• TASK STATEMENT: Leave out the pictures and print the records below exactly.

━━━━━━━━

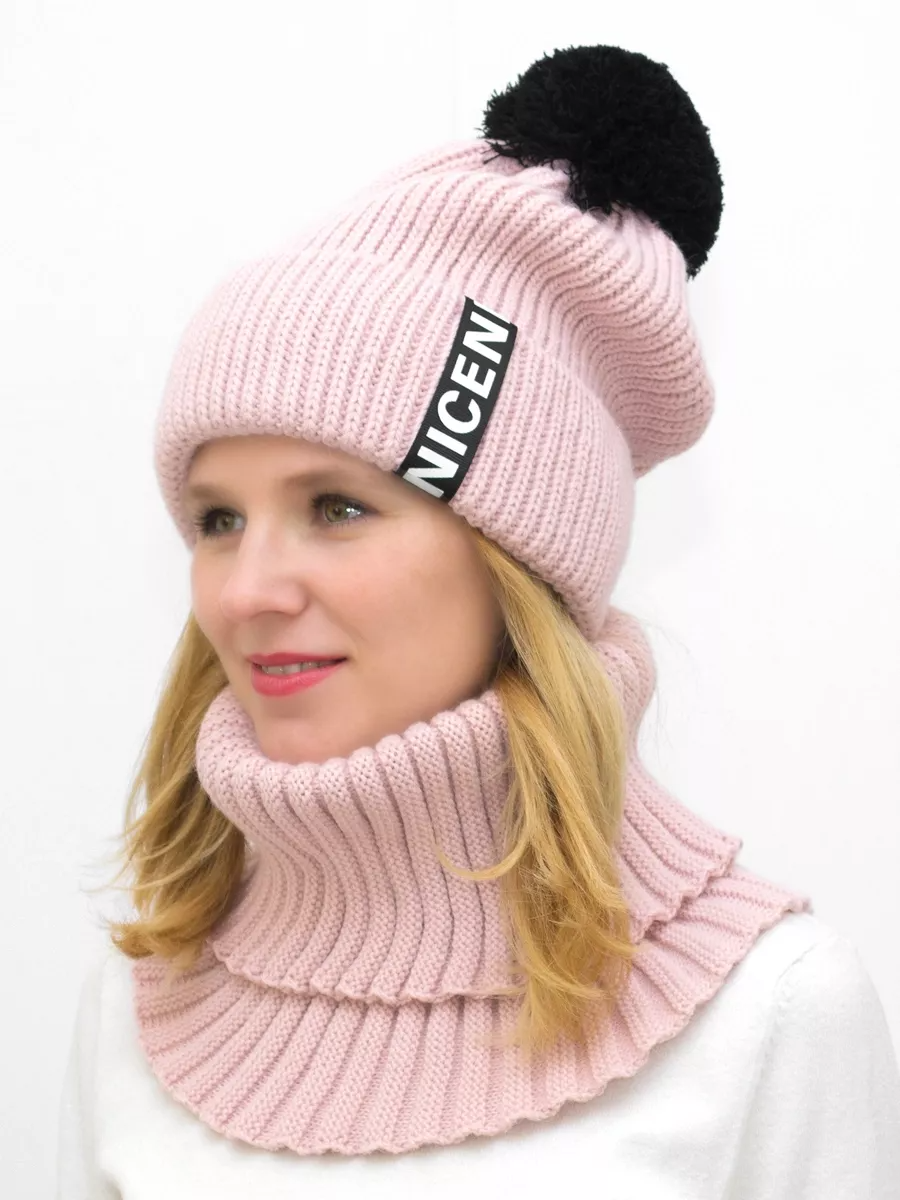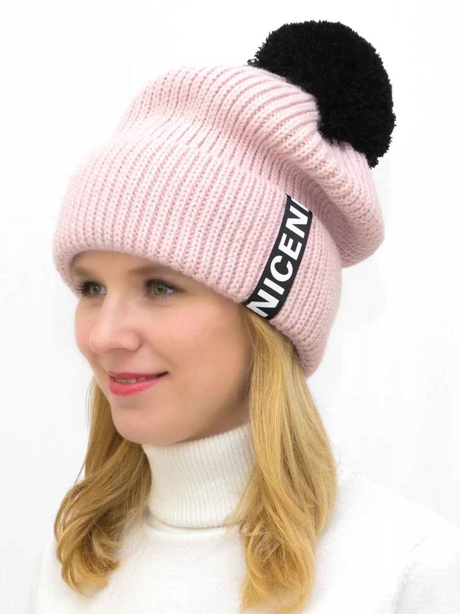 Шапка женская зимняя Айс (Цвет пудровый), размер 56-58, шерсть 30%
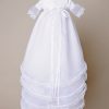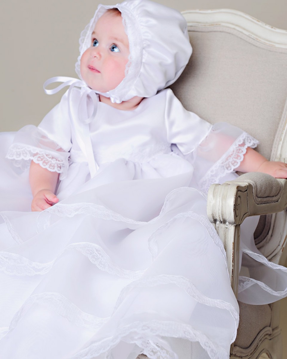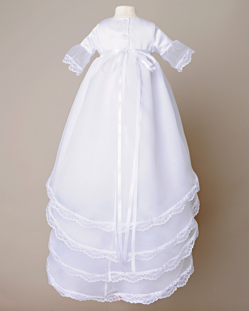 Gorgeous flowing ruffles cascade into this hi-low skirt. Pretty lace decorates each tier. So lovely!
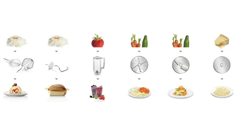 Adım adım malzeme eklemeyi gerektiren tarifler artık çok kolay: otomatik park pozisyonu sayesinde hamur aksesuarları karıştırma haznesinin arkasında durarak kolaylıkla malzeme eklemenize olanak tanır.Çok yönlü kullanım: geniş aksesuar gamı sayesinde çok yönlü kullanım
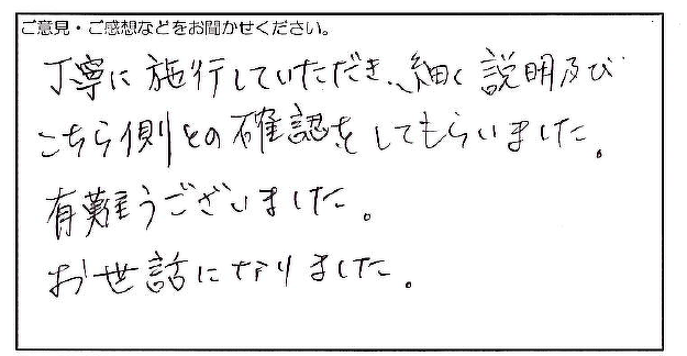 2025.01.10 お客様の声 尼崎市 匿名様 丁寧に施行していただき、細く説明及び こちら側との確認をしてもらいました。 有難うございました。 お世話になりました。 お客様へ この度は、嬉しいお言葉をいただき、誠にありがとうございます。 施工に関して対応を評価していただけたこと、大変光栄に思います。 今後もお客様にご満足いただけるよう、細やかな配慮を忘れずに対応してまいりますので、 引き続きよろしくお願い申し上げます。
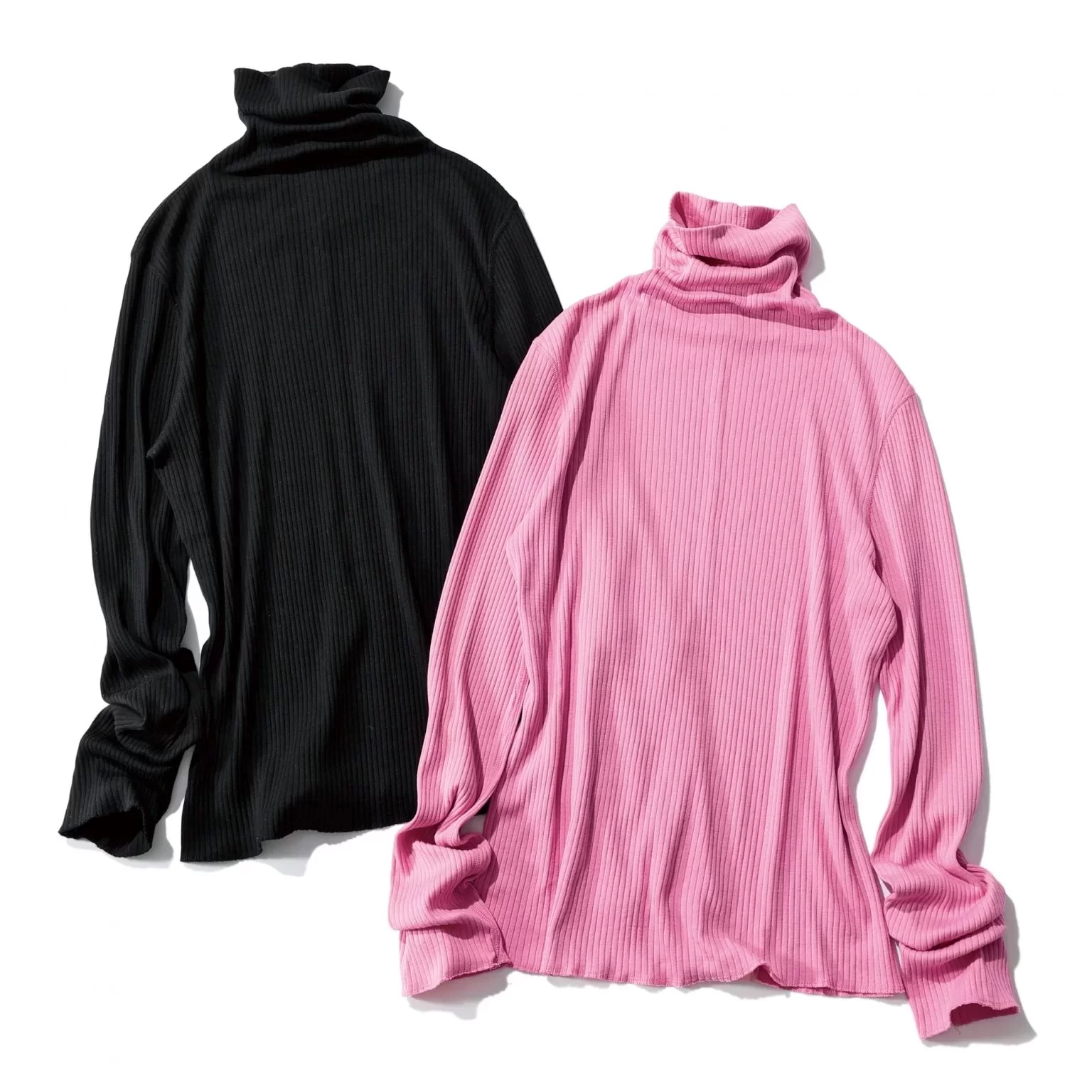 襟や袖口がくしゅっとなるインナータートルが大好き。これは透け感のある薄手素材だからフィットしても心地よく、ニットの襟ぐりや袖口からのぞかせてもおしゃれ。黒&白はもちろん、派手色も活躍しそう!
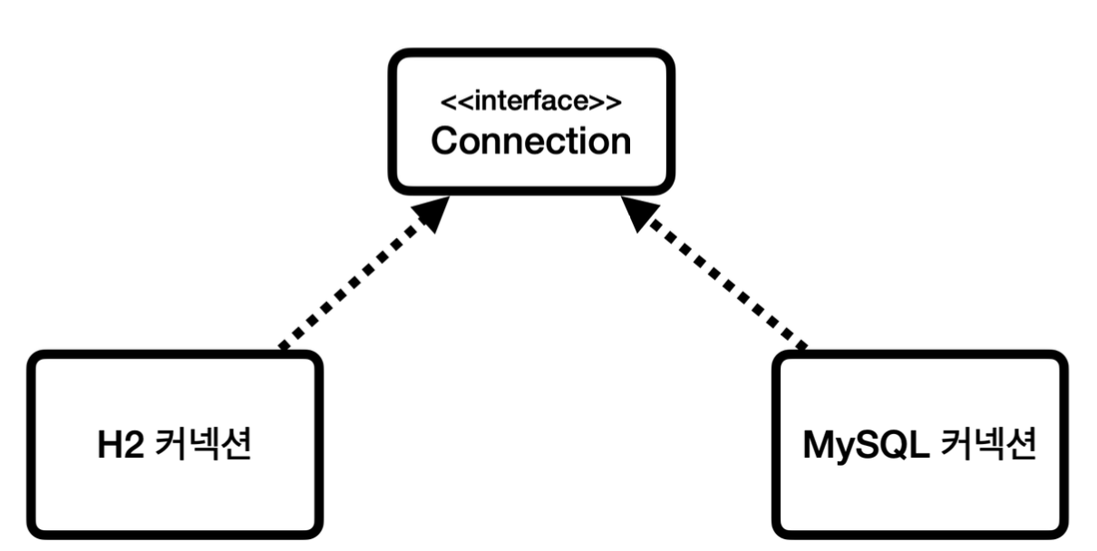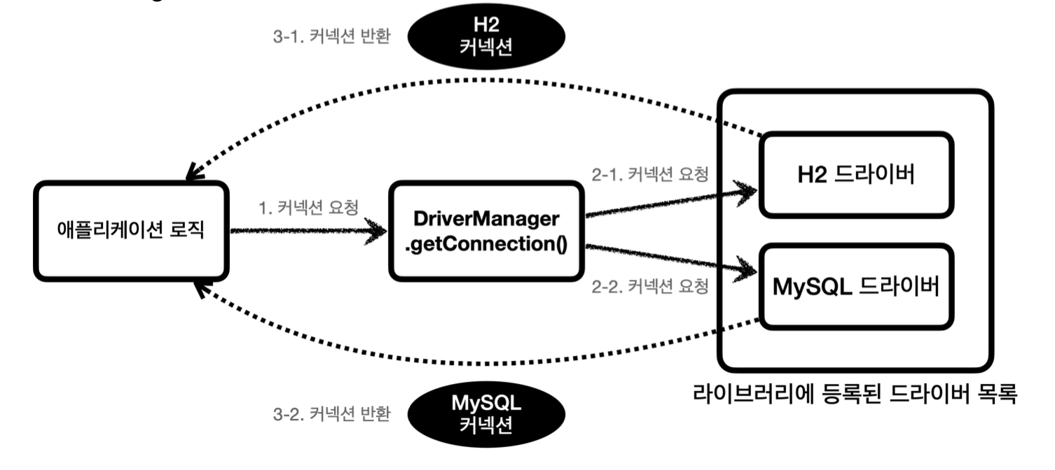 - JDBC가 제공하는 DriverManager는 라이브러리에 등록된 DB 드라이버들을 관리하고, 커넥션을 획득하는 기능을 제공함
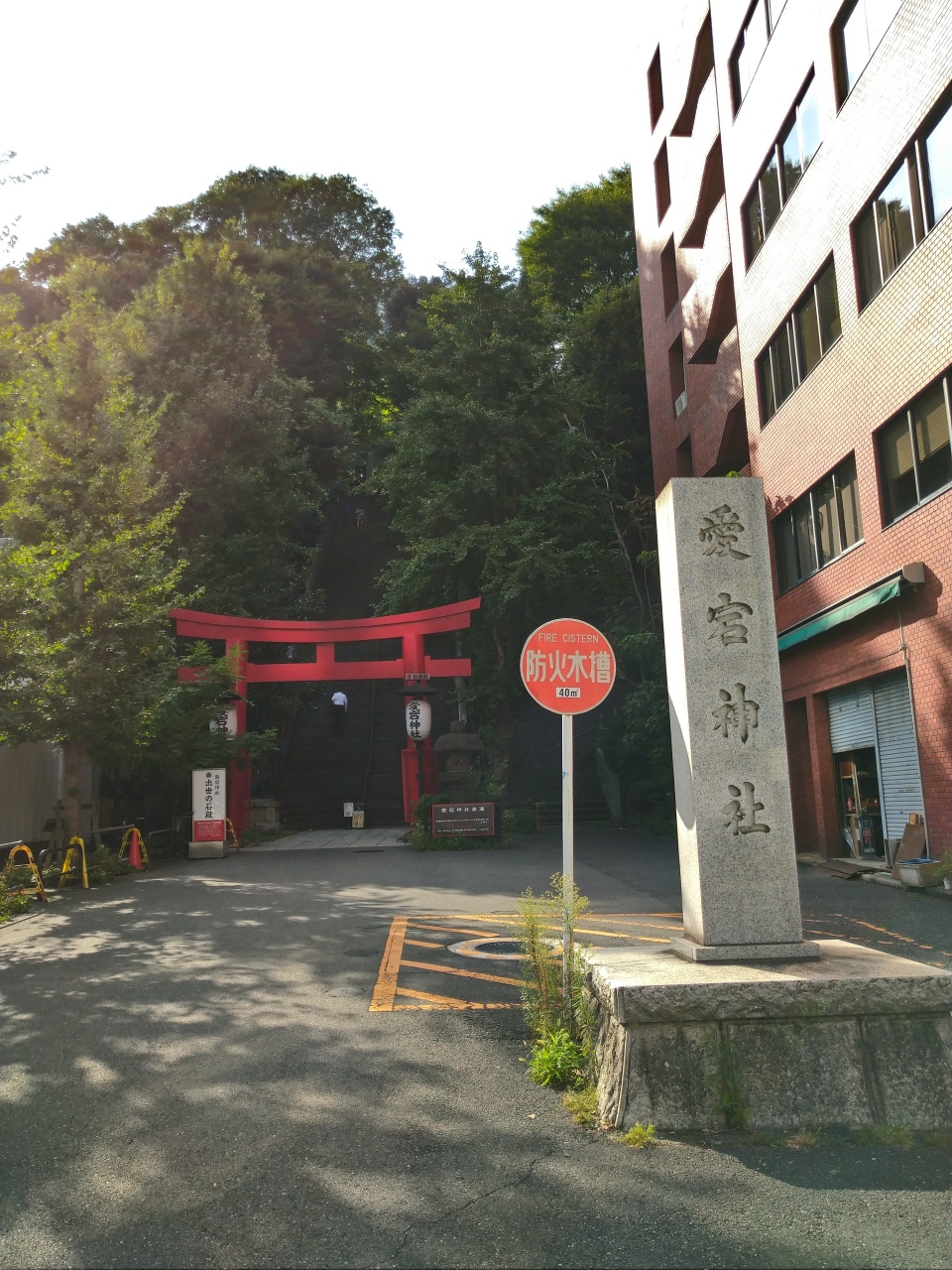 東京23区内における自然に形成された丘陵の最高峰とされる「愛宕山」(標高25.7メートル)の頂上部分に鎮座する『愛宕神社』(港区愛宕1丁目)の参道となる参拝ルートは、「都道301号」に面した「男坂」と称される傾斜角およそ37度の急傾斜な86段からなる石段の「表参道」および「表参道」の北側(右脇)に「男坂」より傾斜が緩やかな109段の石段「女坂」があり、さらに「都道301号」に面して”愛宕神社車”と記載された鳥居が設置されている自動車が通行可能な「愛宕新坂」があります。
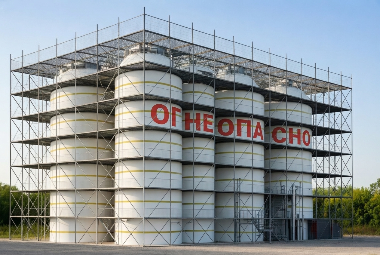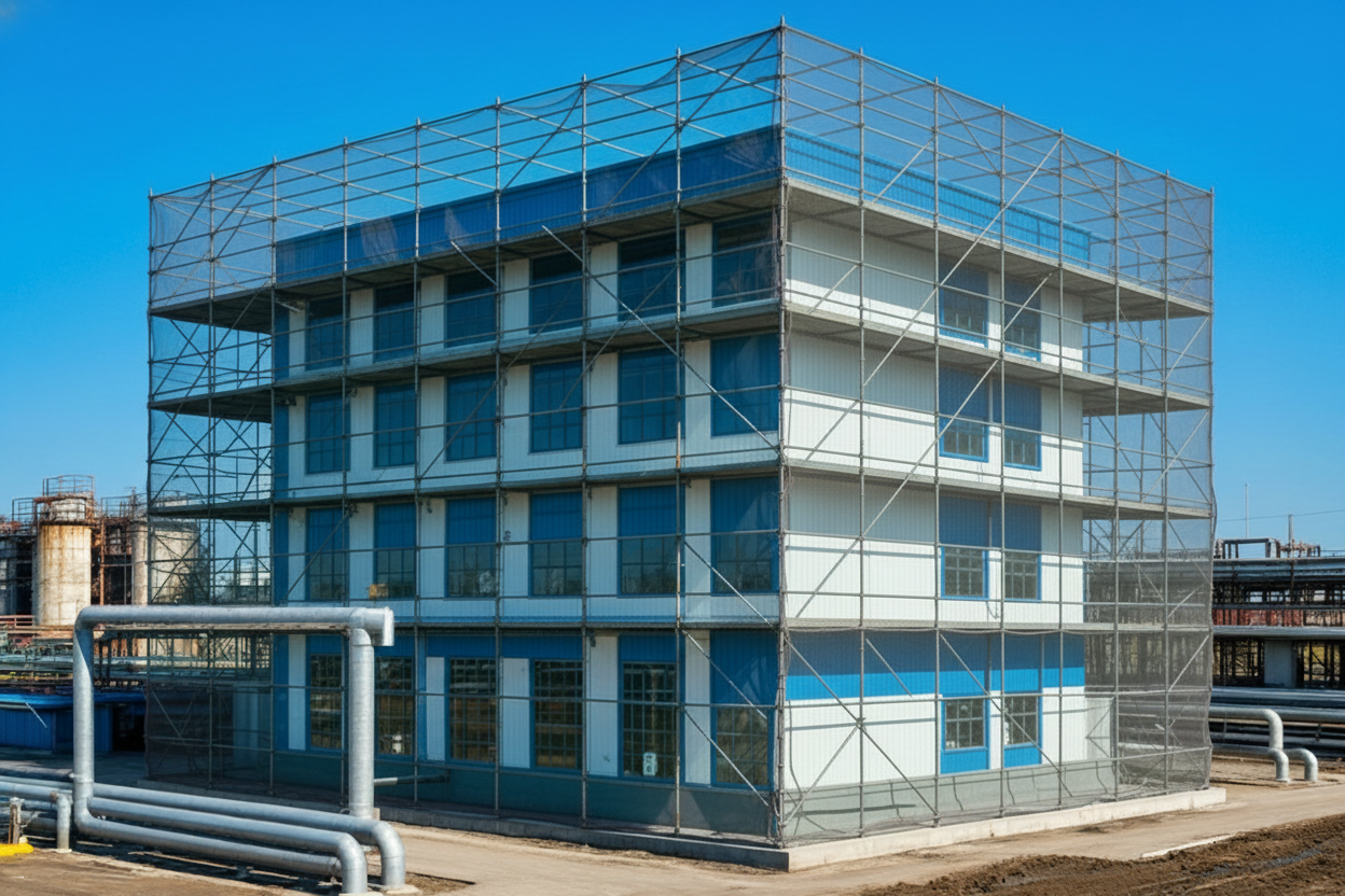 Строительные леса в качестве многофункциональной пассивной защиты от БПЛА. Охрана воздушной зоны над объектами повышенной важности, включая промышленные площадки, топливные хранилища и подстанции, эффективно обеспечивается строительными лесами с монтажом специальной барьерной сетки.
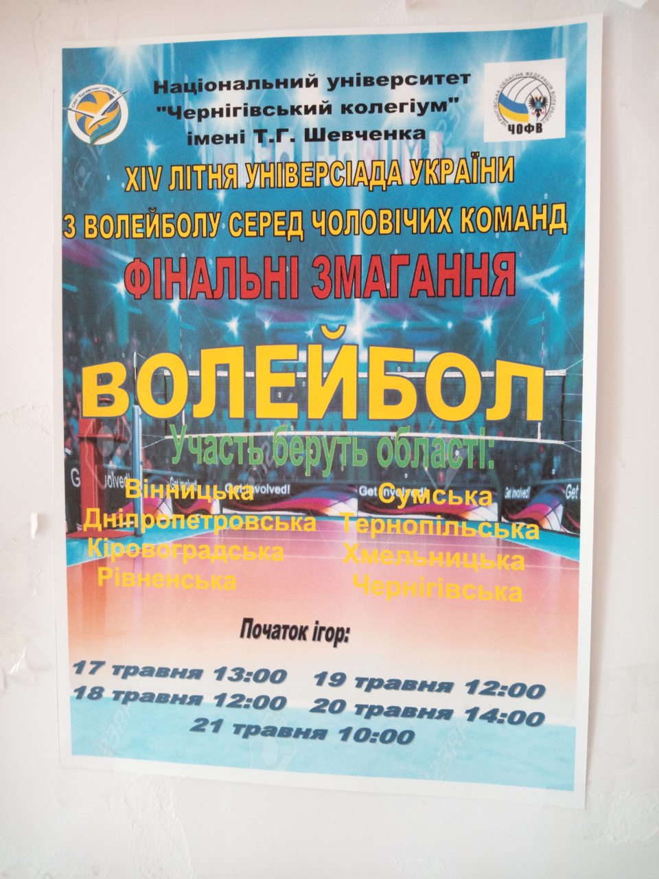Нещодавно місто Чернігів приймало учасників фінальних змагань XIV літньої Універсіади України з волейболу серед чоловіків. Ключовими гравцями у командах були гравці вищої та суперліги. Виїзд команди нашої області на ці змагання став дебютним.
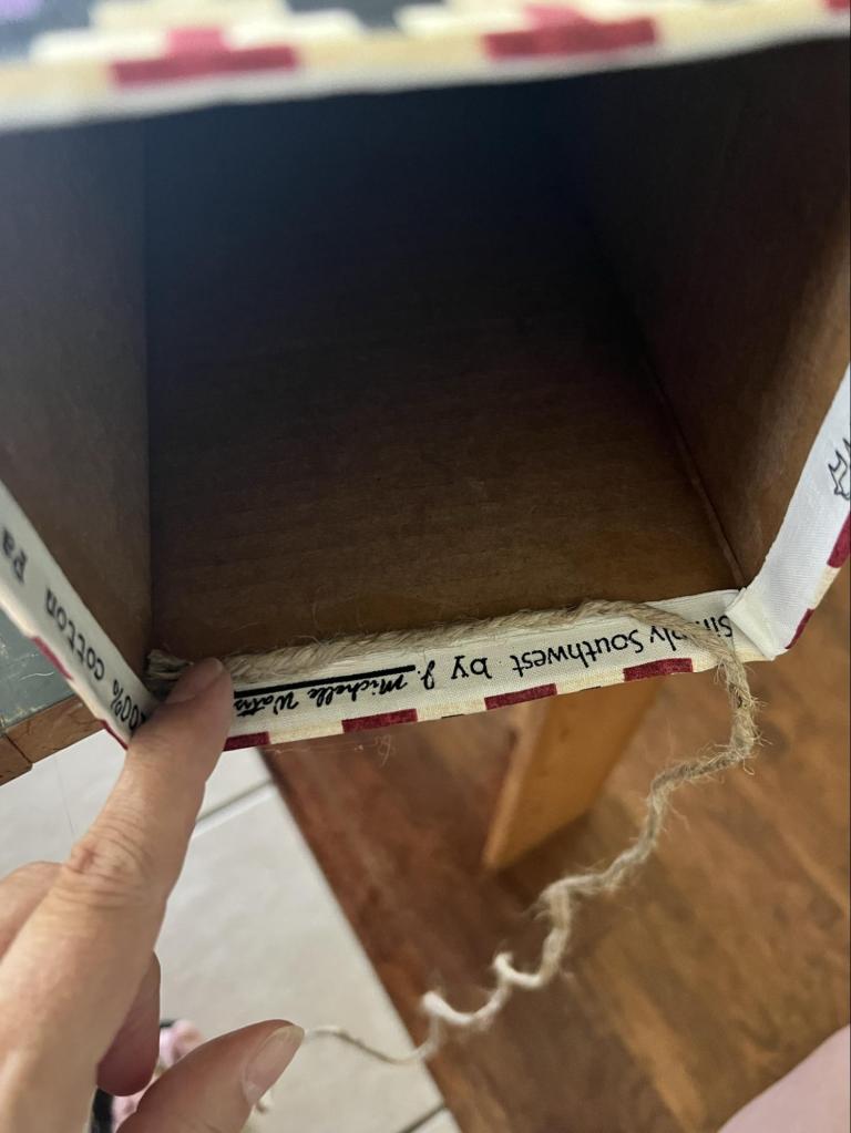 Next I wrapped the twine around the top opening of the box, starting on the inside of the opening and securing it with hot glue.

━━━━━━━━

• SOLUTION TO THIS EXERCISE:
 Шапка женская зимняя Айс (Цвет пудровый), размер 56-58, шерсть 30%
 Gorgeous flowing ruffles cascade into this hi-low skirt. Pretty lace decorates each tier. So lovely!
 Adım adım malzeme eklemeyi gerektiren tarifler artık çok kolay: otomatik park pozisyonu sayesinde hamur aksesuarları karıştırma haznesinin arkasında durarak kolaylıkla malzeme eklemenize olanak tanır.Çok yönlü kullanım: geniş aksesuar gamı sayesinde çok yönlü kullanım
 2025.01.10 お客様の声 尼崎市 匿名様 丁寧に施行していただき、細く説明及び こちら側との確認をしてもらいました。 有難うございました。 お世話になりました。 お客様へ この度は、嬉しいお言葉をいただき、誠にありがとうございます。 施工に関して対応を評価していただけたこと、大変光栄に思います。 今後もお客様にご満足いただけるよう、細やかな配慮を忘れずに対応してまいりますので、 引き続きよろしくお願い申し上げます。
 襟や袖口がくしゅっとなるインナータートルが大好き。これは透け感のある薄手素材だからフィットしても心地よく、ニットの襟ぐりや袖口からのぞかせてもおしゃれ。黒&白はもちろん、派手色も活躍しそう!
 - JDBC가 제공하는 DriverManager는 라이브러리에 등록된 DB 드라이버들을 관리하고, 커넥션을 획득하는 기능을 제공함
 東京23区内における自然に形成された丘陵の最高峰とされる「愛宕山」(標高25.7メートル)の頂上部分に鎮座する『愛宕神社』(港区愛宕1丁目)の参道となる参拝ルートは、「都道301号」に面した「男坂」と称される傾斜角およそ37度の急傾斜な86段からなる石段の「表参道」および「表参道」の北側(右脇)に「男坂」より傾斜が緩やかな109段の石段「女坂」があり、さらに「都道301号」に面して”愛宕神社車”と記載された鳥居が設置されている自動車が通行可能な「愛宕新坂」があります。
 Строительные леса в качестве многофункциональной пассивной защиты от БПЛА. Охрана воздушной зоны над объектами повышенной важности, включая промышленные площадки, топливные хранилища и подстанции, эффективно обеспечивается строительными лесами с монтажом специальной барьерной сетки.
Нещодавно місто Чернігів приймало учасників фінальних змагань XIV літньої Універсіади України з волейболу серед чоловіків. Ключовими гравцями у командах були гравці вищої та суперліги. Виїзд команди нашої області на ці змагання став дебютним.
 Next I wrapped the twine around the top opening of the box, starting on the inside of the opening and securing it with hot glue.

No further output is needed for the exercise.